* **EXERCISE DIRECTIONS**:
Please, from the entries below, transcribe exactly the lines that begin at the line with "producing operational plans" and end at the line with "HEDGECOCK WITH MOLLUSCAN CULTURE TANK", without the pictures.

* **INPUT**:

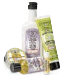
Natural Body Care pages 10-16
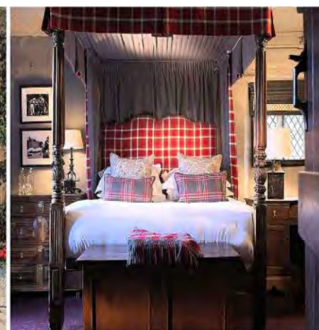
The Lygon Arms Hotel, Broadway
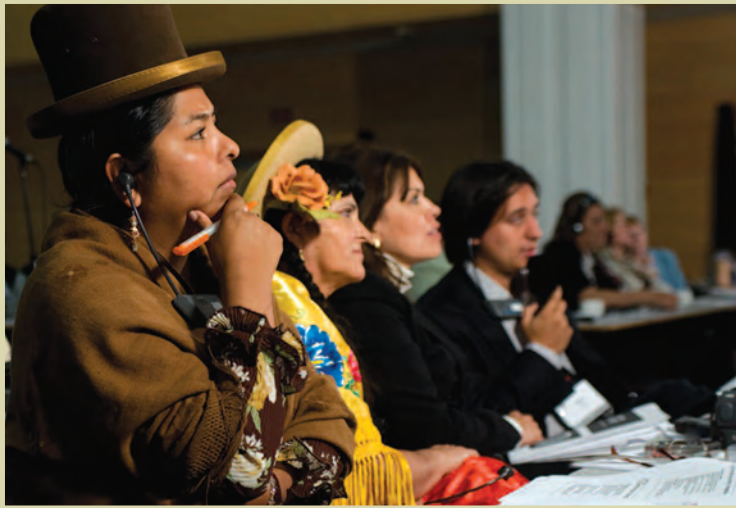
Members of ACOBOL shown participating in FCM's annual conference in Quebec City in 2008, an exchange that enabled the two associations to share knowledge about their respective efforts to increase women's political participation in local government.

producing operational plans through participatory municipal management. Gender equality was an integral dimension of the training through:
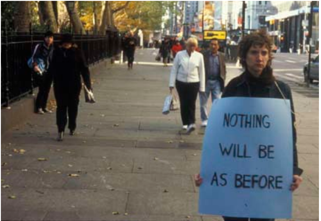
In the Near Future 2005–ongoing 9 slide projections, looped
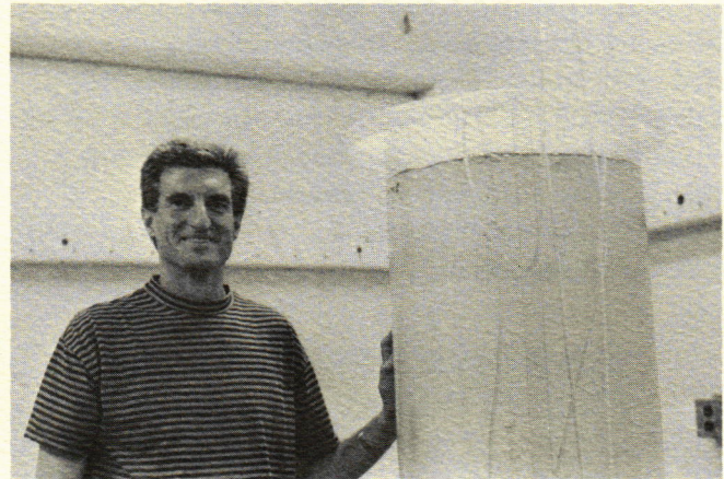
HEDGECOCK WITH MOLLUSCAN CULTURE TANK

With funding support from the USDA's Western Regional Aquaculture Consortium (WRAC) in collaboration with industry and research personnel from the Universities of Oregon and Washington, three sets of eggs were bred with eight sperm types yielding a total of nearly 200 families. Starch gel electrophoresis of biochemical markers, known as allozymes, was used to confirm parentage of all families which are now being
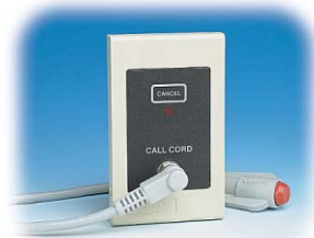
Call Cord Station

* **REPLY**:
producing operational plans through participatory municipal management. Gender equality was an integral dimension of the training through:
In the Near Future 2005–ongoing 9 slide projections, looped
HEDGECOCK WITH MOLLUSCAN CULTURE TANK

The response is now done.